M.C. Escher has been a great source of creative inspiration for me. For a long time, I have tried very hard to capture his never-ending stairs (from Ascending and Descending, 1960) in a tessellation but have yet to succeed. However, in my pursuit I managed to capture some essence of the question "Is it going up this way or that way?" raised by Relativity, 1953, as can be seen in my Zipper Tessellation above. From this stating point, I was able to find several variations, each one made from a single sheet of paper. Two such variations are circular: a Zipper Ring and a three-layer variation each shown below.

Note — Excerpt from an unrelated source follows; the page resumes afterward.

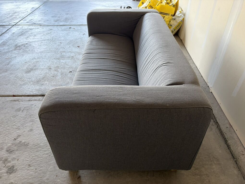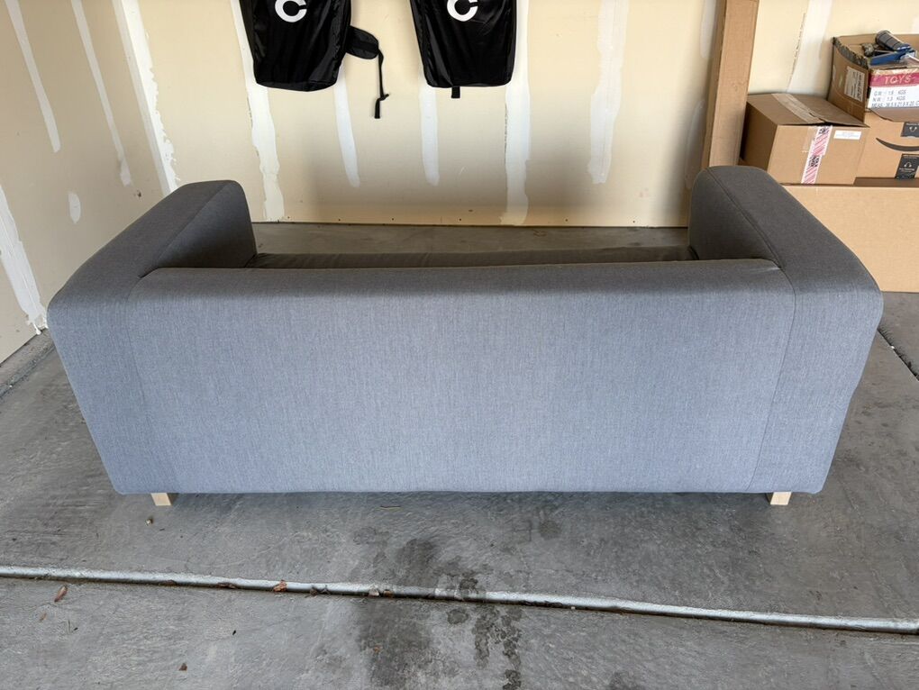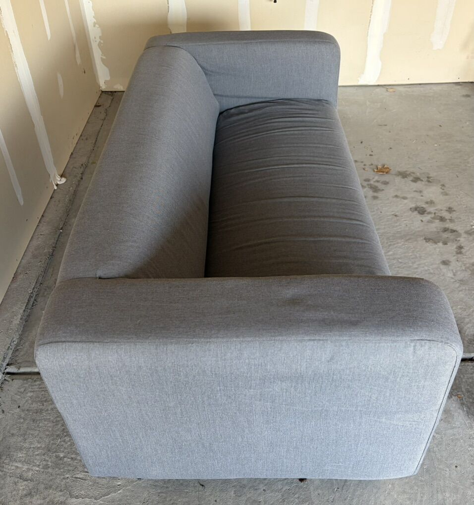 VenmoIKEA Light Gray loveseat with sandy brown legs. Durable metal springs in the seat give the sofa a springy comfort, allowing you to sit, relax and enjoy it for many years. The cover is easy to keep clean since it is removable and machine washable. We just replaced the cover and legs so they are brand new. We just had a baby and no longer have room for this couch. I recommend a truck bed or hollowed out van for transportation. Let me know if you have any questions.

All three models are minor variations on the same pattern that range in difficulty. Let's begin with the simplest, the Zipper Ring, which is not a regular tessellation, but is easier to collapse than the flat version. You can find full diagrams for this model here. From there, try to make the three-layered version as an extension of the ring, comparing the original ring's crease pattern to that of the three-layered version. Achieving this, you can try the original Zipper Tessellation, which is much harder to collapse. Note that you can collapse it either flat or in tubular form. Two additional variations, my Zipper Vase and "Go THIS Way!" tessellation are shown below. You can find crease patterns and assembly discussion for these last three in this document. I do hope you enjoy folding these. Just try not to get disoriented!

-Ilan Garibi


Wonderful. I just tried this model today. It's really fun to fold. I will try to add more layers later.